Compounding is the method of earning income from your previous earnings by reinvesting them. Lets understand this with a simple example:
Let us assume that someone invested Rs 1000 per month for 20 years and if the expected rate of return is 10% per year. The interest for the first year would be Rs 565. In compounding, First year’s interest is added to the principal in the second year and so on. So, Second Year Principal will be =(12000+565)=12565 and interest will be Rs 1881.
For more detailed table and graphs, refer to Poonje’s SAVING CALCULATOR http://poonje.com/saving-calculator/
After 20 years, total amount invested will be Rs 240,000.00 and total interest earned will be Rs 519,368.00. If you look closely total interest earned is more than 2 times the amount invested. So, let me simply say this, put your money to work and let it earn more money for you.
Thus, we see that as the time goes, earnings do not multiplies but grows exponentially.
How to make best use of compounding (make your hard earn money to earn more money for you)

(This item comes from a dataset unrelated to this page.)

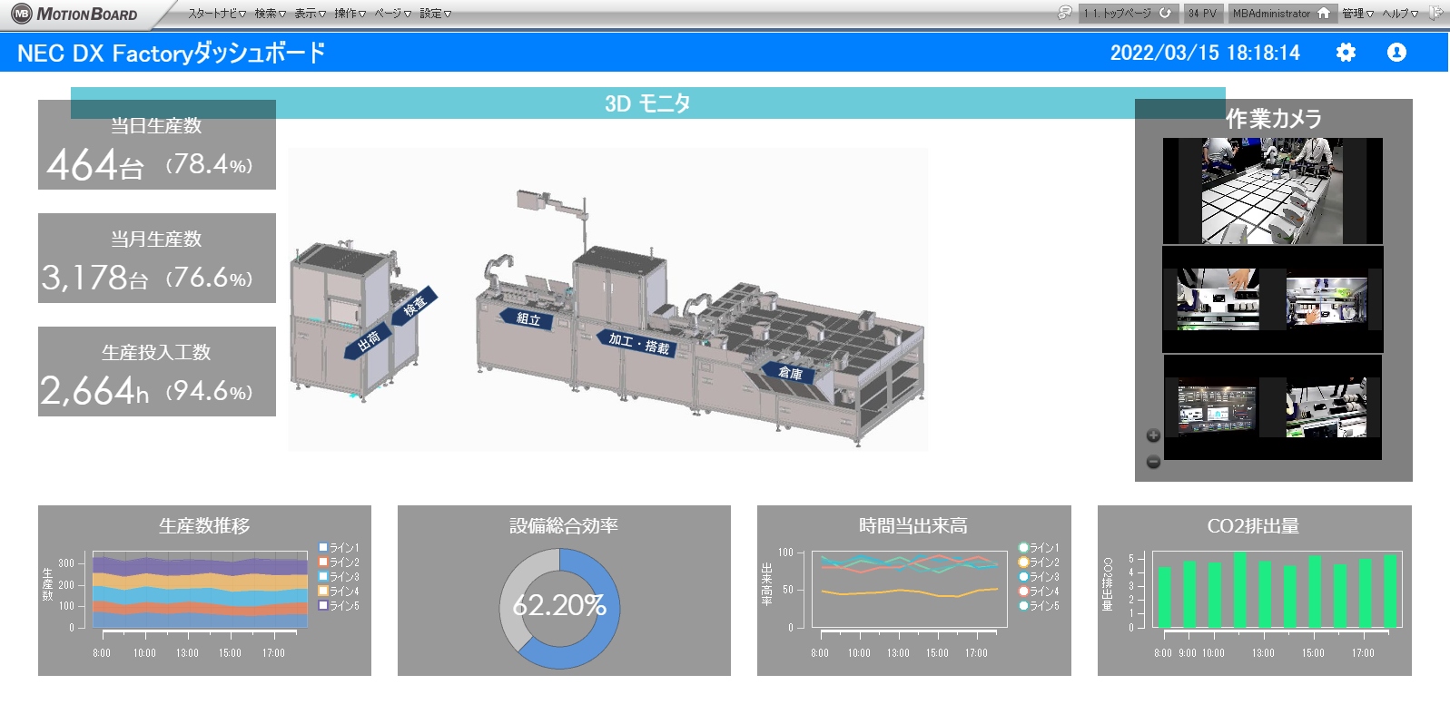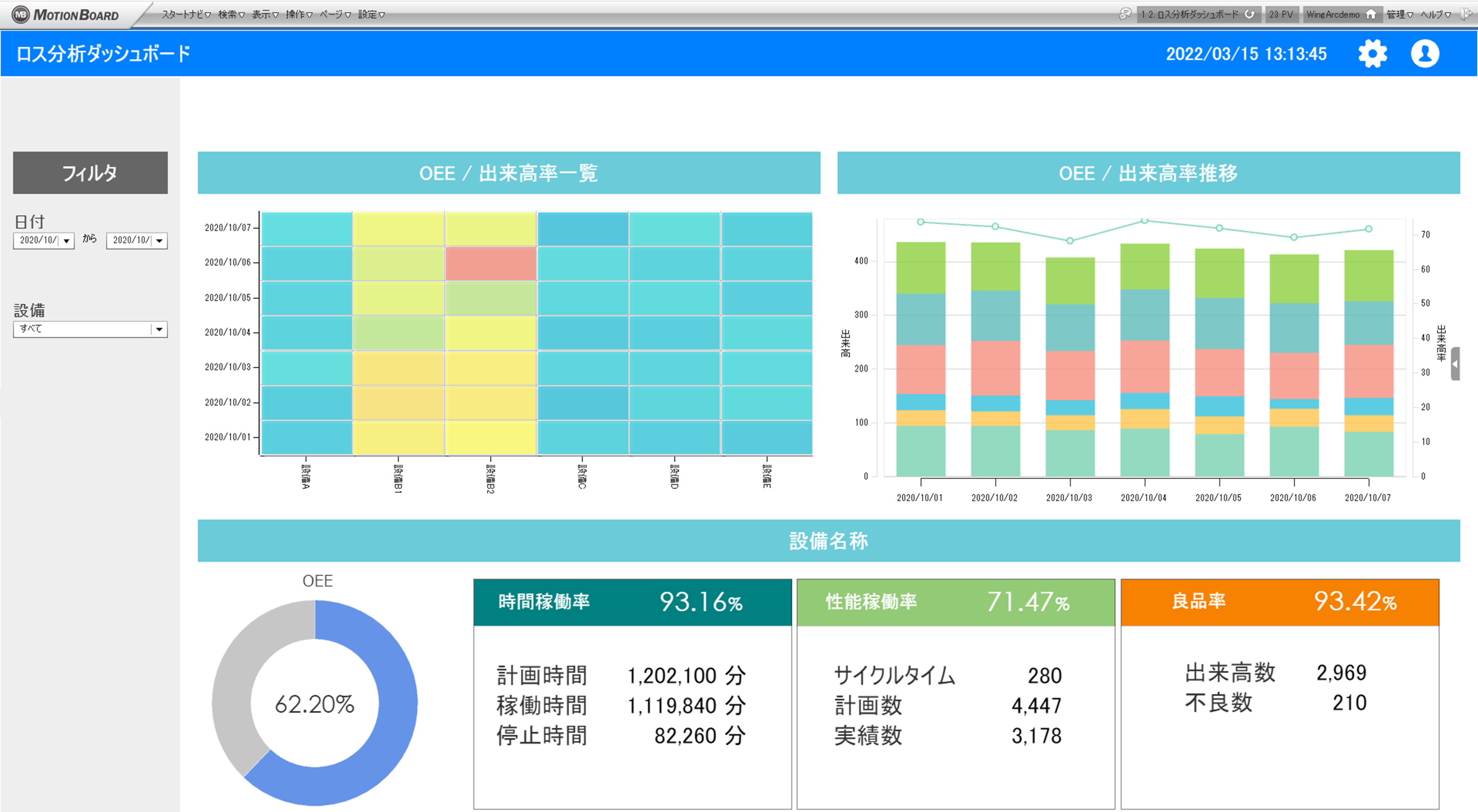 本サービスに、国産BIダッシュボードトップシェアとして多くの製造業のお客様に導入している「MotionBoard」が連携することで、製造業に特化したデータの表現が可能となり、ものづくり現場におけるより高度な各設備・人のデータを見える化・分析を行い、素早く改善効果を出すことができます。(MotionBoardは、今後の強化としてカメラ動画との連携も予定しています。)

As seen in the above example, you were able to grow an investment of Rs 1000/- per month to nearly Rs 759,368 (invested amount Rs 240,000 and total interest earned Rs 519,368) in 20 years.
However, if you extended the investment horizon by another 5 years, you have earned much more Rs 1,326,833 (invested amount Rs 300,000 and total interest earned Rs 1,026,833).
Thus, the longer you hold more you gain from compounding effect. This is one of the primary reasons to start investing early.
Think before invest
Before investing, think about your investment objective, time period & your risk tolerance. After that choose the investment products that give you a higher rate of interest and meets your objective. Example investing in Fixed Deposit have low interest rate but little to no risk than Mutual funds. Investing in Equities has high return and high risk.
Invest regularly in order to grow your investment
By regularly increasing your investment amount, you can make a huge difference over the long term. Even regular investment helps you, budget your day to day life & restricts you from overspending.
The best way of making your money grow, is to stay diversified and keep investing steadily. If you invest a set amount regularly, you will automatically take advantage of volatility in the market and can grow your investment. Thus, the slow and steady approach tends to yield more growth and less stress.